### Required action
An exact copy of the data below is needed; please leave out any pictures.

### Source material

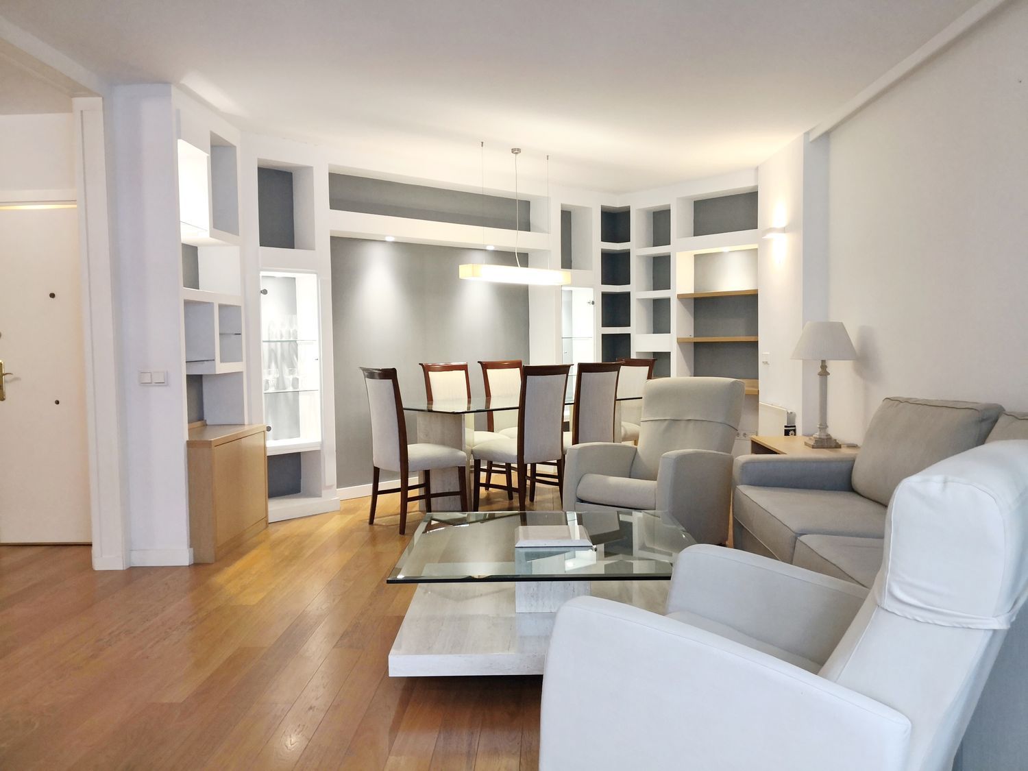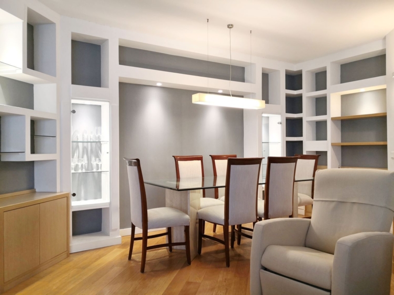 La vivienda tiene una distribución bien aprovechada, se compone de hall de entrada, elegante y amplio salón de dos ambientes con aire acondicionado desde el que se accede a la cocina-office con mobiliario de gran calidad (Schmidt), totalmente equipada con electrodomésticos de última generación de primeras marcas, zona independiente de lavado con tendedero cubierto.
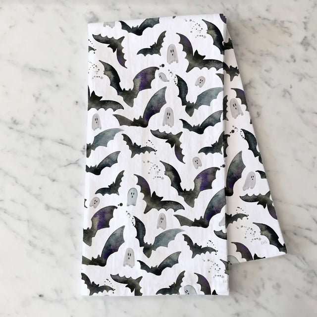 Black and White Halloween Bats & Ghosts Tea Towel Perfect for the kitchen or bar this fall season.
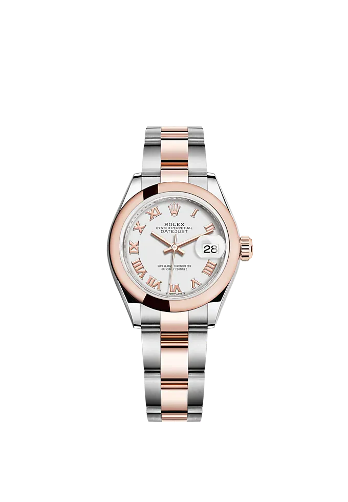 Lady-DateJust 28mm Oyster Oystersteel Bracelet And Everose Gold With White Dial Domed Bezel Reference 279161
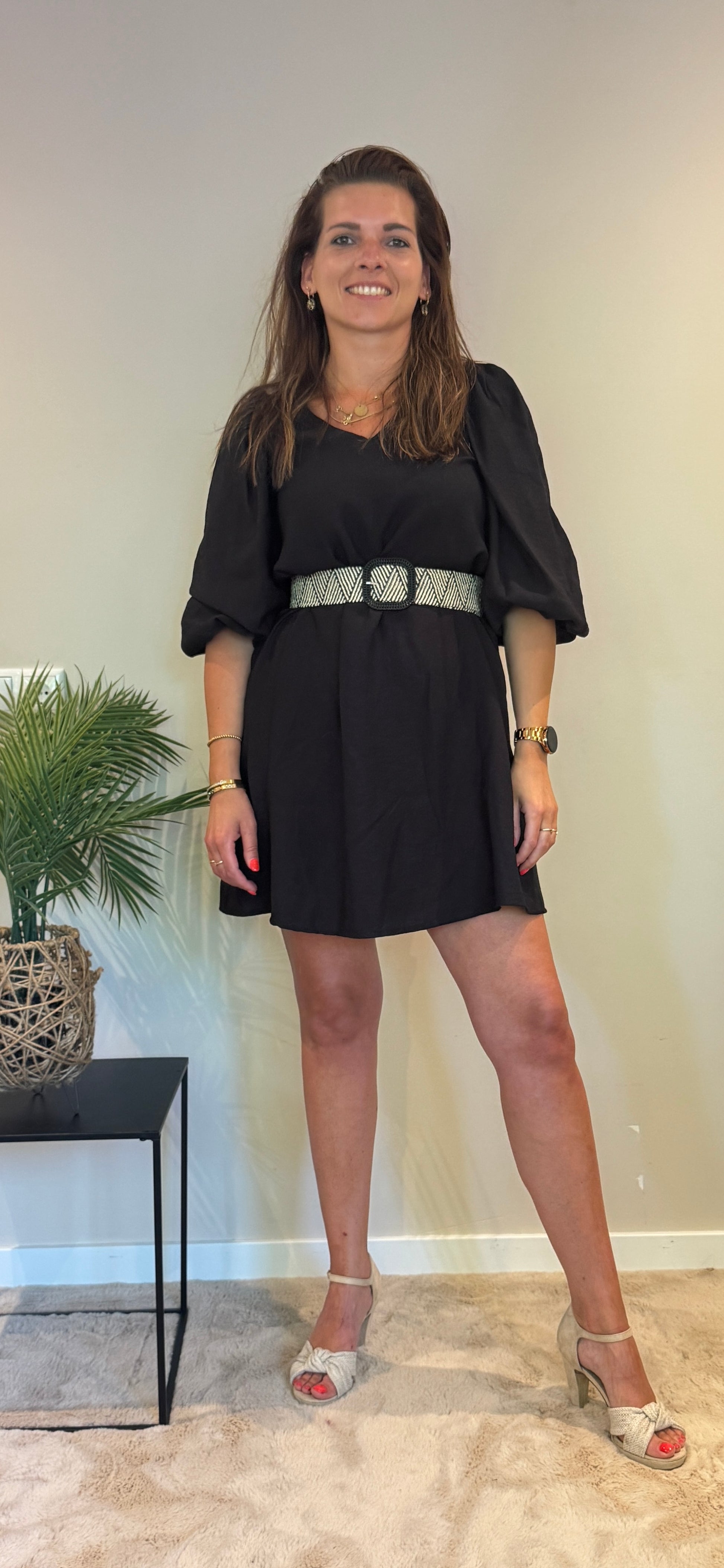 Perfect voor een feestje, bruiloft of gewoon voor bij het strand. Je kunt het stylen met een hakje, slippers of met een stoere sneakers. Het jurkje heeft een mooi ceintuurtje die je evt kan vervangen door een ander ceintuurtje/riem om een andere look te creëren. Het jurkje het een ballonmouw en een kleine pof in de schouders. Ook verkrijgbaar in het fuchsia en beige.

### Answer
 La vivienda tiene una distribución bien aprovechada, se compone de hall de entrada, elegante y amplio salón de dos ambientes con aire acondicionado desde el que se accede a la cocina-office con mobiliario de gran calidad (Schmidt), totalmente equipada con electrodomésticos de última generación de primeras marcas, zona independiente de lavado con tendedero cubierto.
 Black and White Halloween Bats & Ghosts Tea Towel Perfect for the kitchen or bar this fall season.
 Lady-DateJust 28mm Oyster Oystersteel Bracelet And Everose Gold With White Dial Domed Bezel Reference 279161
 Perfect voor een feestje, bruiloft of gewoon voor bij het strand. Je kunt het stylen met een hakje, slippers of met een stoere sneakers. Het jurkje heeft een mooi ceintuurtje die je evt kan vervangen door een ander ceintuurtje/riem om een andere look te creëren. Het jurkje het een ballonmouw en een kleine pof in de schouders. Ook verkrijgbaar in het fuchsia en beige.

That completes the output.